*** Opening Input ***

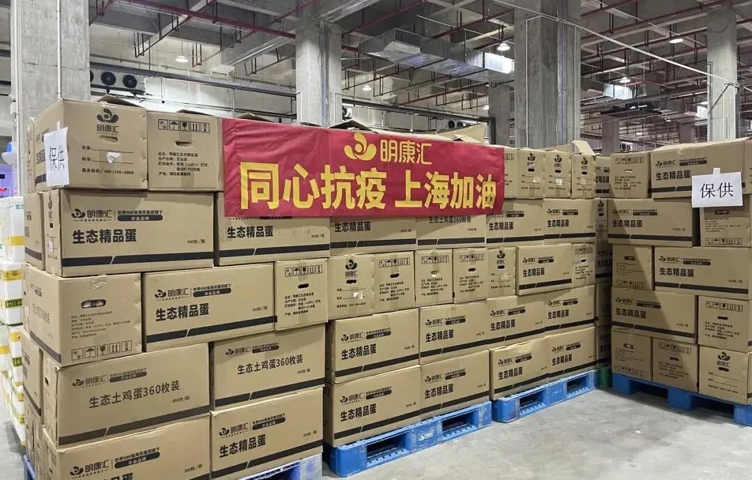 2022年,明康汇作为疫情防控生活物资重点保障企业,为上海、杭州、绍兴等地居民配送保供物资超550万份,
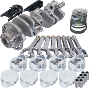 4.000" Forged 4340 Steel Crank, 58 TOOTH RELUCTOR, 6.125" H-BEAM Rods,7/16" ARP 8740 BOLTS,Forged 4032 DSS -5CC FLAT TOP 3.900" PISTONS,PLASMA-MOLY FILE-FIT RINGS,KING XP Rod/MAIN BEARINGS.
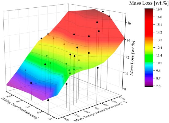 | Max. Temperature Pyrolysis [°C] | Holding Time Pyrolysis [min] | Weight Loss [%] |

*** Closing Input ***
*** Opening Input ***

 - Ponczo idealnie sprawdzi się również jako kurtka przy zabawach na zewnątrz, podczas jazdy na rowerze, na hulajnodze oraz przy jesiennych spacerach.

*** Closing Input ***
*** Opening Input ***

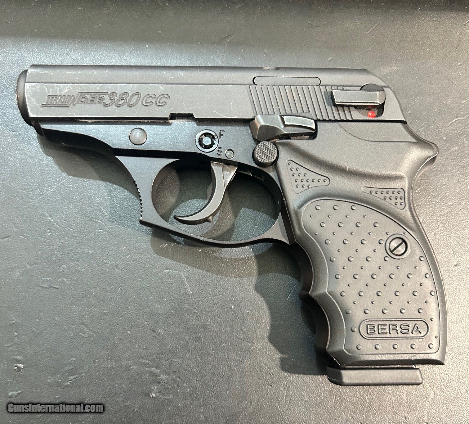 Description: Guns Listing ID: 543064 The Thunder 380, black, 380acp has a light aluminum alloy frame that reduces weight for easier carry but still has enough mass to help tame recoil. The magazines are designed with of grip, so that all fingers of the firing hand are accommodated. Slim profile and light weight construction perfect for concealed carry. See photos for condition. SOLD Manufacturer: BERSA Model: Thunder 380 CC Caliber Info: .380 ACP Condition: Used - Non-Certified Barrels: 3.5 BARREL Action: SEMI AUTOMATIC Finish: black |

*** Closing Input ***

● Try it:
The answer should consist only of the lines above from the one with "2022年,明康汇作为疫情防" through the one with "Weight Loss [%] |", repeated exactly, with no pictures among them.

● Your solution:
 2022年,明康汇作为疫情防控生活物资重点保障企业,为上海、杭州、绍兴等地居民配送保供物资超550万份,
 4.000" Forged 4340 Steel Crank, 58 TOOTH RELUCTOR, 6.125" H-BEAM Rods,7/16" ARP 8740 BOLTS,Forged 4032 DSS -5CC FLAT TOP 3.900" PISTONS,PLASMA-MOLY FILE-FIT RINGS,KING XP Rod/MAIN BEARINGS.
 | Max. Temperature Pyrolysis [°C] | Holding Time Pyrolysis [min] | Weight Loss [%] |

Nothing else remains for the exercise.